CLI Setup (Recommended)
treesitter-chunker setup grammars
treesitter-chunker setup grammars python go java typescript
treesitter-chunker setup grammars --all
treesitter-chunker setup status
treesitter-chunker setup list-available
treesitter-chunker setup clean --builds
treesitter-chunker setup clean --all
Environment Configuration
You can customize where grammars are stored:
export CHUNKER_GRAMMAR_BUILD_DIR="$HOME/.cache/treesitter-chunker/build"
Programmatic Setup
For advanced use cases, you can set up grammars programmatically:
from pathlib import Path
from chunker.grammar.manager import TreeSitterGrammarManager
cache = Path.home() / ".cache" / "treesitter-chunker"

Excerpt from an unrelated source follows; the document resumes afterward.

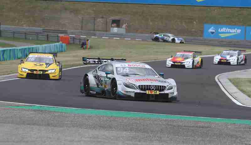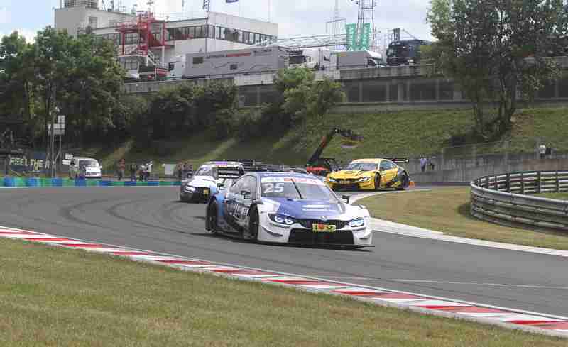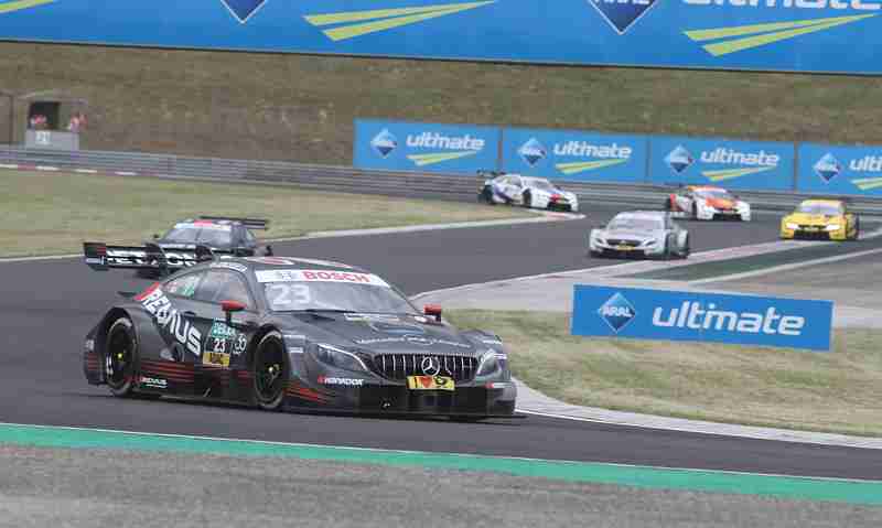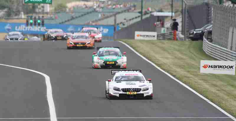 Auch das zweite Rennen am Hungaroring fand bei herrlichstem Sommerwetter statt. Lucas Auer konnte nach der Einführungsrunde seine Pole-Position behaupten und führte die Meute in die erste Kurve, wo es mit viel Disziplin hindurch ging. Wenig später drehte sich Timo Glock und büßte dadurch Plätze ein. Am Ende des Feldes konnte er sich dann wieder einreihen. Im gesamten Feld wurde hart gefightet. Nach der ersten Runde führte weiterhin der Pole-Setter vor Pascal Wehrlein und Paul di Resta. Nach dieser Runde kamen Mike Rockenfeller, Joel Eriksson und Timo Glock zum Pflichtstopp herein. Rene Rast hatte einen Platz eingebüßt, denn Daniel Juncadella war an ihm vorbei gezogen. Augusto Farfus kam bei der nächsten Umrundung in die Box zum Reifenwechsel.

gm = TreeSitterGrammarManager(grammars_dir=cache / "grammars", build_dir=cache / "build")
gm.add_grammar("python", "https://github.com/tree-sitter/tree-sitter-python")

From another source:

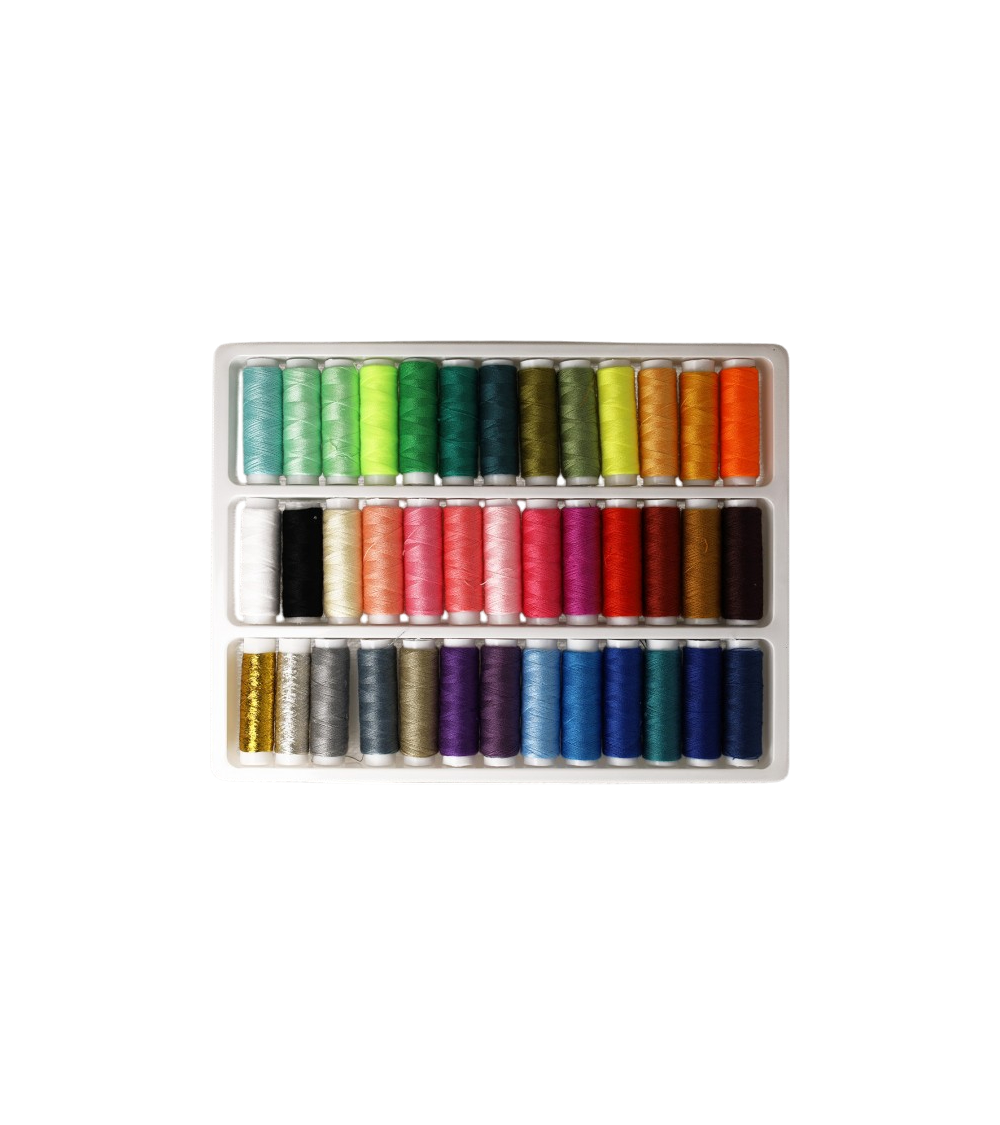 Malette de 39 bobines de fils 100m assortis 100% polyester

gm.fetch_grammar("python")
gm.build_grammar("python")
Requirements for Building Grammars
Building grammars from source requires:
- C compiler (gcc, clang, or MSVC)
- Git (for fetching grammar sources)
- Python development headers (usually included with Python installation)
🚀 Quick Start
Python Usage
from chunker import chunk_file, chunk_text, chunk_directory
chunks = chunk_file("example.py", "python")

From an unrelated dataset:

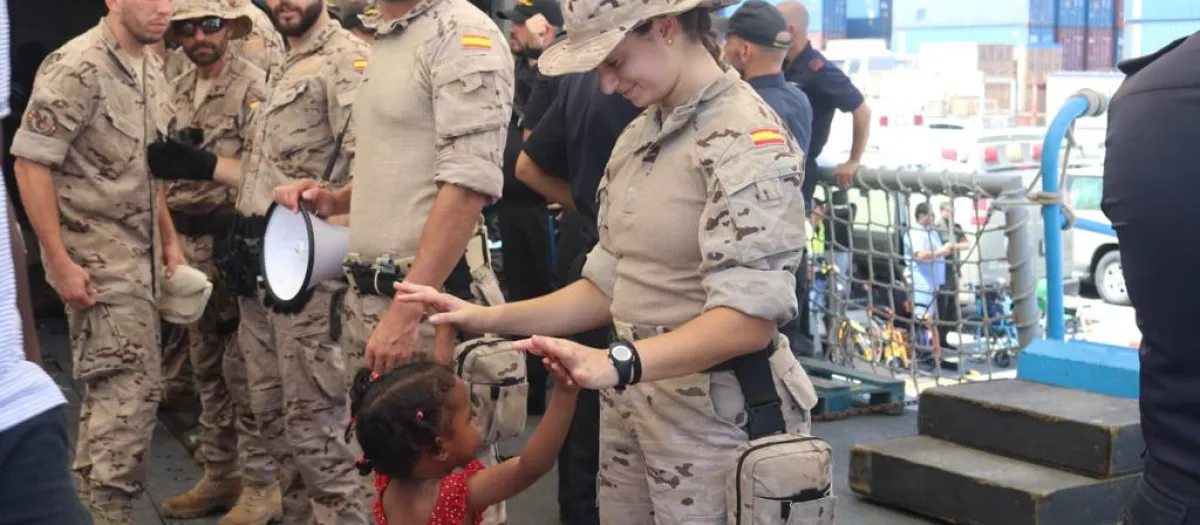 Una niña se despide de una militar española a su llegada a Yeda en la fragata Reina Sofía

chunks = chunk_text(code_string, "javascript")
for chunk in chunks:
print(f"{chunk.node_type} at lines {chunk.start_line}-{chunk.end_line}")
print(f" Context: {chunk.parent_context or 'module level'}")
Incremental Processing
Efficiently detect changes after edits and update only what changed:
from chunker import DefaultIncrementalProcessor, chunk_file
from pathlib import Path
processor = DefaultIncrementalProcessor()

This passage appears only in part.